## TASK TO CARRY OUT
Every line of the data below is to be duplicated exactly, pictures excepted.

## COLLECTED MATERIAL
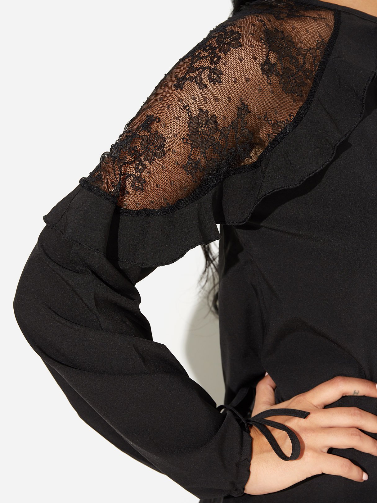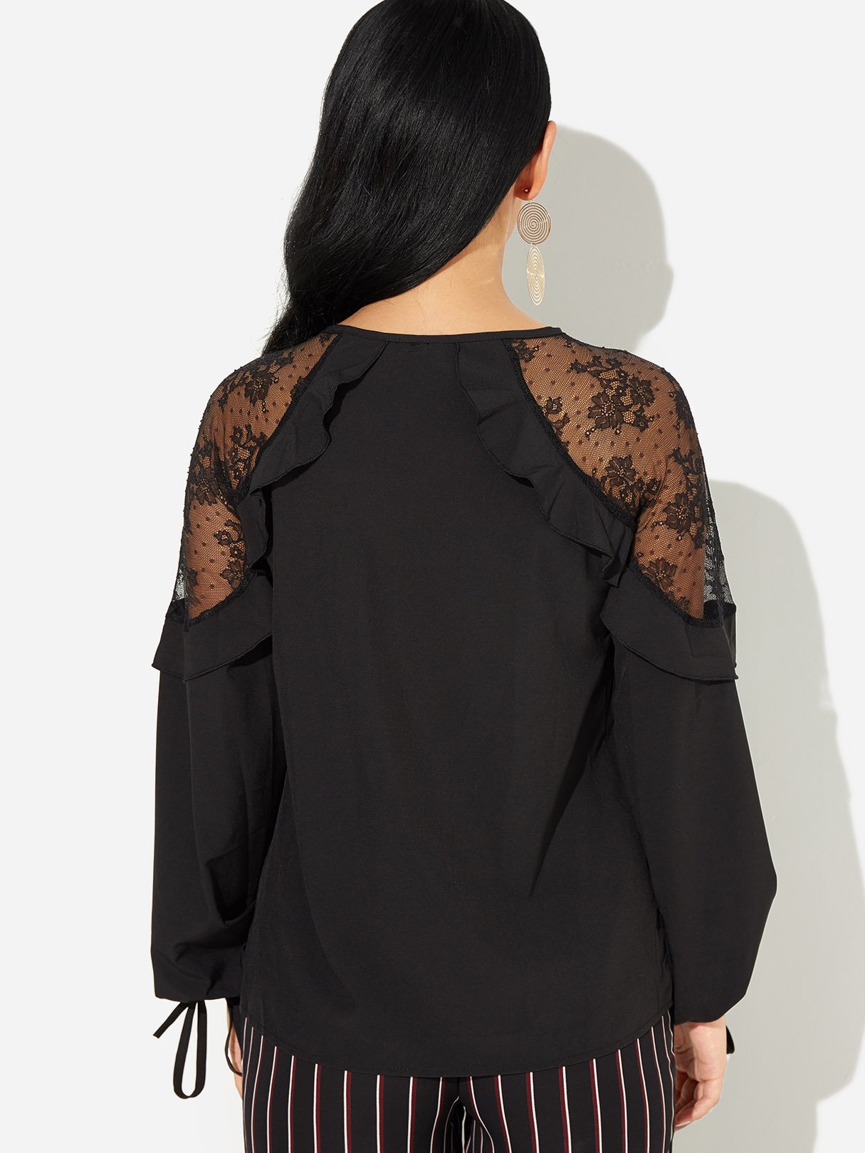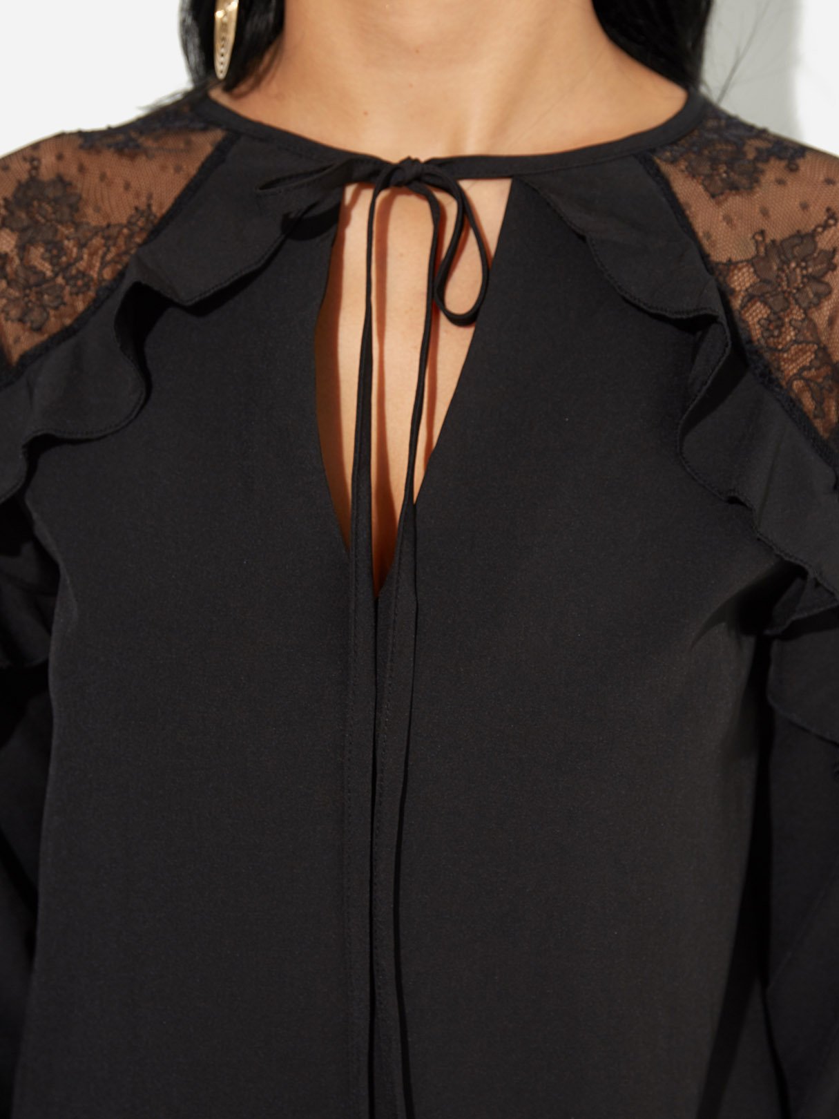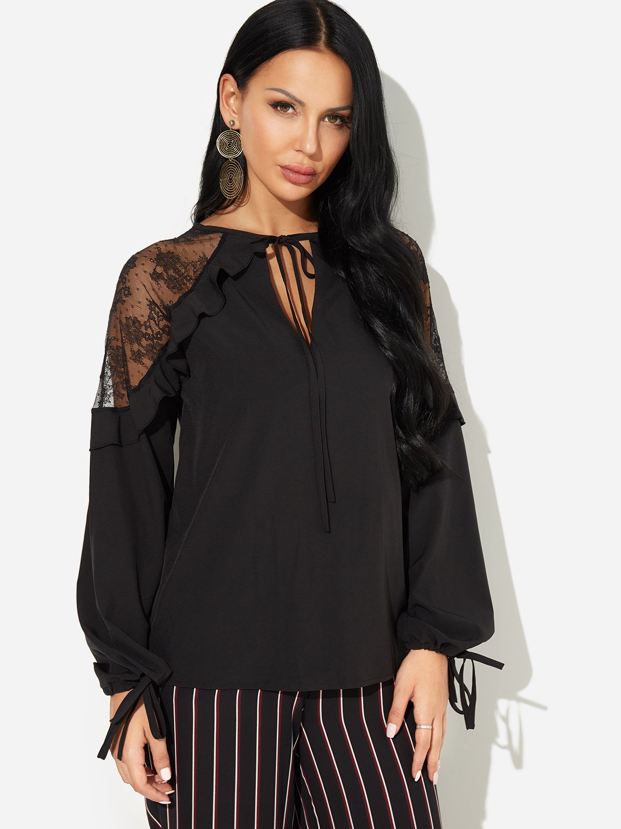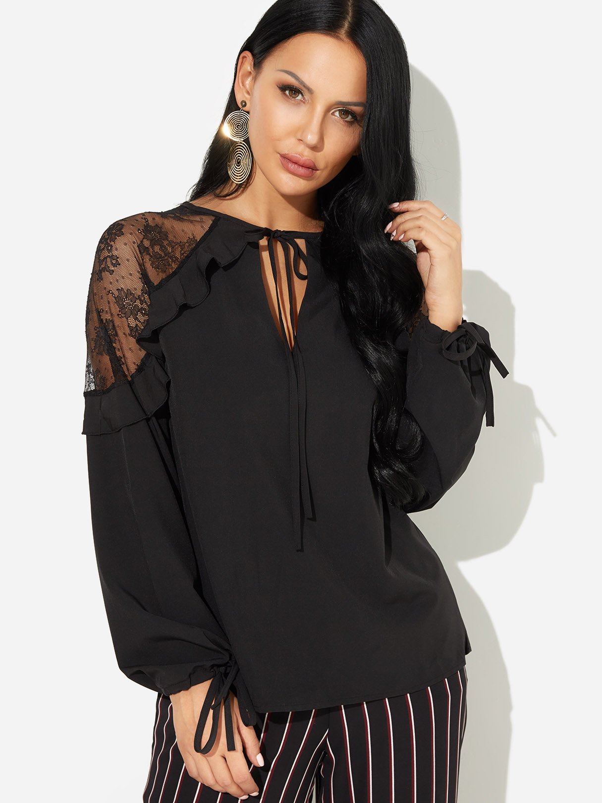 V-Neck Lace Self-Tie Long Sleeve Black Blouses
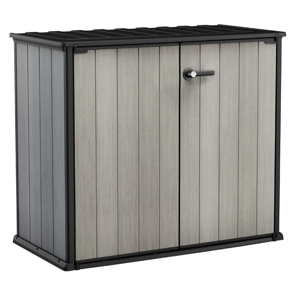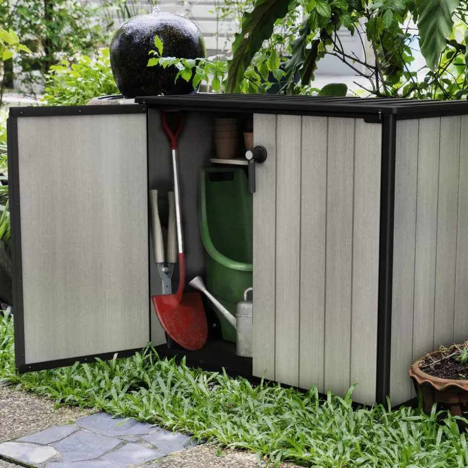 Geräteschrank PATIO STORE heisst die elegante Lagerlösung für Ihre Gartentools. Hier finden Möbel, Kissen oder Poolzubehör einen sicheren und trockenen Platz. Die Wände sind aus langlebigem Kunststoff und bewahren ihren rustikalen Charme über Jahre hinweg, ohne abzublättern. Sie sind beliebig anstreichbar, so dass Sie das Gartenhäuschen ganz nach Ihrem Gusto gestalten können.
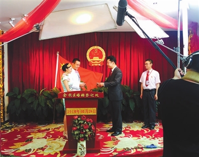 据介绍,目前省内各婚登处共有2种颁证方式和4套颁证词,新人可自选。目前,省民政厅正在推进建设“特邀颁证师”的“资源库”,今后新人可邀请政府官员、社会名人为自己颁证,也可以选择自己的亲友完成,或者以更加个性化的方式在婚登处举行颁证仪式。
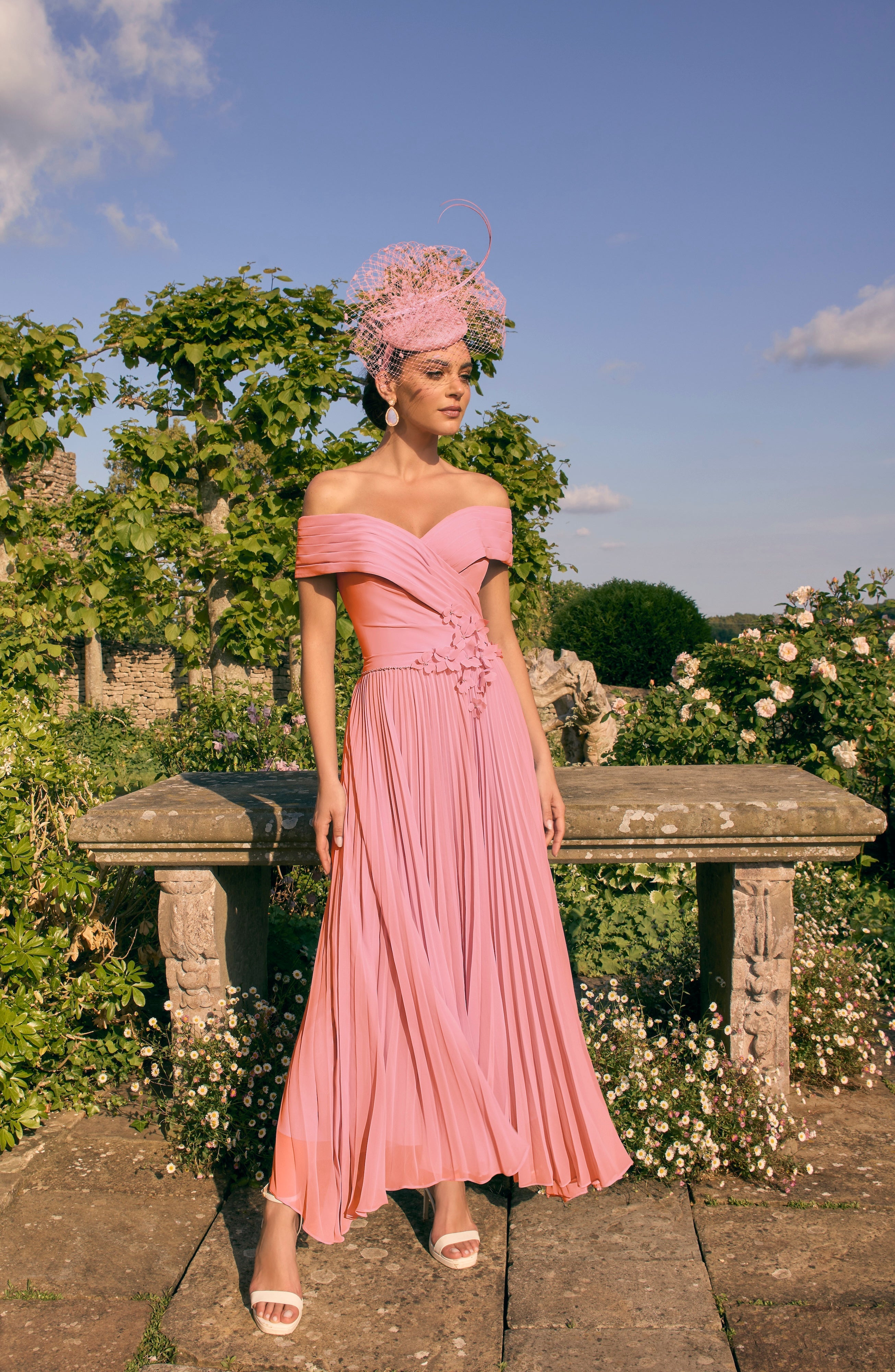 Elevate your special occasion look with the Veni Infantino 992779 in Coral. This maxi A-line dress features an off-shoulder neckline adorned with delicate applique flowers at the waist, adding refined elegance. The plain chiffon fabric flows beautifully, while the pleated skirt enhances movement and grace. Perfectly suited for mothers of the bride or groom seeking a sophisticated and timeless style.

## RESPONSE FOR THIS EXERCISE
 V-Neck Lace Self-Tie Long Sleeve Black Blouses
 Geräteschrank PATIO STORE heisst die elegante Lagerlösung für Ihre Gartentools. Hier finden Möbel, Kissen oder Poolzubehör einen sicheren und trockenen Platz. Die Wände sind aus langlebigem Kunststoff und bewahren ihren rustikalen Charme über Jahre hinweg, ohne abzublättern. Sie sind beliebig anstreichbar, so dass Sie das Gartenhäuschen ganz nach Ihrem Gusto gestalten können.
 据介绍,目前省内各婚登处共有2种颁证方式和4套颁证词,新人可自选。目前,省民政厅正在推进建设“特邀颁证师”的“资源库”,今后新人可邀请政府官员、社会名人为自己颁证,也可以选择自己的亲友完成,或者以更加个性化的方式在婚登处举行颁证仪式。
 Elevate your special occasion look with the Veni Infantino 992779 in Coral. This maxi A-line dress features an off-shoulder neckline adorned with delicate applique flowers at the waist, adding refined elegance. The plain chiffon fabric flows beautifully, while the pleated skirt enhances movement and grace. Perfectly suited for mothers of the bride or groom seeking a sophisticated and timeless style.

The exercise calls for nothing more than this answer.